Police have attempted to stop party members who are also climate activists, like me, from attending Labour conference this year – despite already having been sued for barring a member in 2017.

On Saturday morning, I was informed that my application for a pass had been denied, because it had “not passed the necessary police security checks”. After initiating legal action overnight, the police retracted their decision and I was accredited on Sunday morning.

This is one in a series of bans levelled at party members by the police at this year’s conference. The unifying theme appears to be our participation in environmental direct action or civil disobedience. Sam Knights, a conference delegate and Extinction Rebellion activist, was also denied entry before his own legal challenge successfully overturned the decision.

I myself have organised with direct-action network Reclaim the Power to resist fracking in the UK. In July 2017 I received a conditional discharge for obstruction of the highway after blockading the Preston New Road fracking site. I wrote about why for Novara Media at the time. The wave of direct action I participated in has left the fracking industry dead before it could be born – and Labour supports a ban. I would put my body on the line to stop that industry again and again.

As well as participating in direct action, I have been a fully paid up Labour Party member since 2016 and am active in my constituency Labour party (CLP) as youth and students officer. I was also recently selected as Labour candidate to run in the May 2020 Oxford City Council elections, in the ward that I live in. Any suggestion that I am a security threat to the conference of my own party is absurd.

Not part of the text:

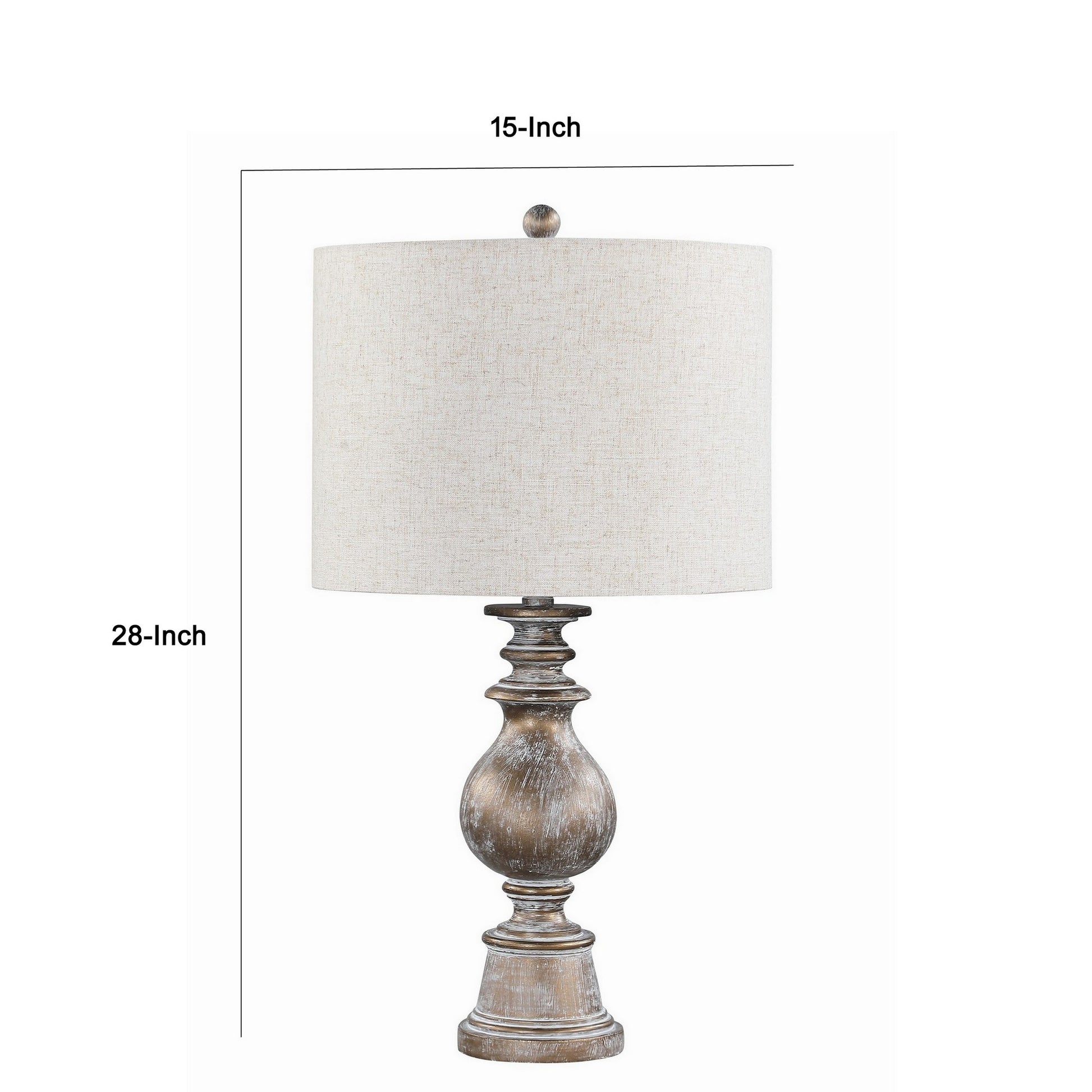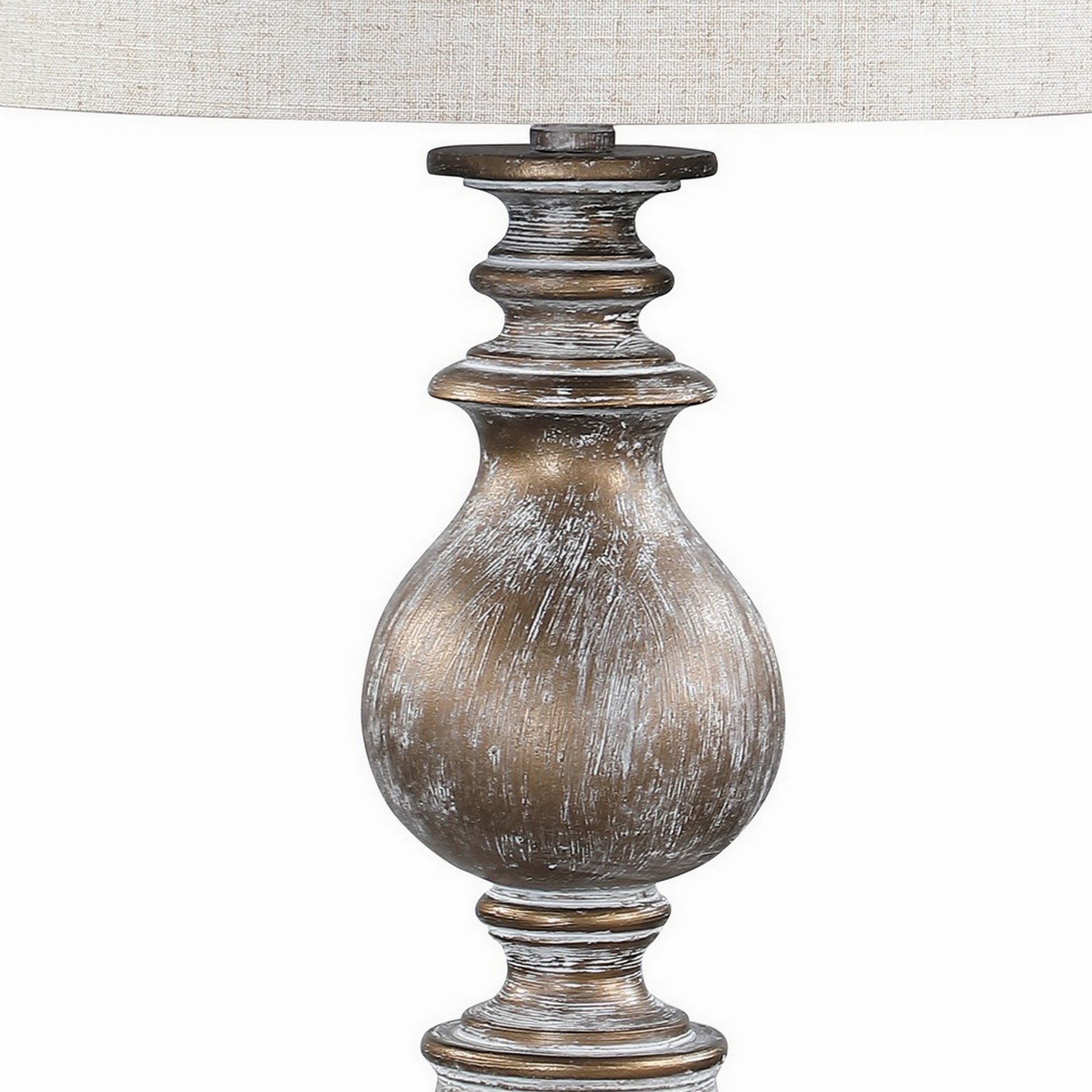 Our luxurious table lamp features a round drum shade made with oatmeal finished textured fabric for a warm, soft illumination. Its graceful metal body with a round base features a traditional design and antique gold finish for a distressed appearance, making it a rich accent piece of any modern interior.

In March 2019, I co-founded the campaign Labour for a Green New Deal to create a platform for Labour members and trade unionists to organise around climate and economic justice. Our organising has led to 128 CLPs submitting our motion to conference as the Green New Deal looks set to dominate. There is an irony to banning climate activists in the year that climate justice takes Labour conference by storm.

The ban would have jeopardised my ability to speak at Young Labour’s day inside Labour conference, where I was invited to discuss the transformative potential of a Green New Deal. The further irony here is that BP, a fossil fuel company which continues to profit from climate breakdown and business-as-usual, has been welcomed into conference with open arms. They have a stall inside the building and are co-hosting an event on decarbonisation with New Statesman, which Labour for a Green New Deal has pledged to protest.

This is not the first year that activists have been barred from entering Labour conference by police. In 2017, journalist Michael Segalov was labelled a left-wing extremist and barred. When Segalov  challenged the case in the courts, it was ruled that Sussex police had acted unlawfully. His case set the precedent for overturning the bans placed on me and Sam Knights’ this year.

That Labour members are forced to fight in the courts to attend their own party’s conference is a disgrace. The day after Labour made it clear we support the youth strikers leading the largest climate mobilisation the UK has ever seen, what precedent do these exclusions set for other young climate activists? Labour should be encouraging those inspired to take action for climate justice to join our party, not pushing them away.

It is not acceptable that the police continue to decide who is allowed to attend Labour conference. Going forward Labour must review its security arrangements and ensure the police are not afforded powers to veto party members for putting radical climate politics into action. Labour conference belongs to its members, not the police.

Chris Saltmarsh is a co-founder of Labour for a Green New Deal.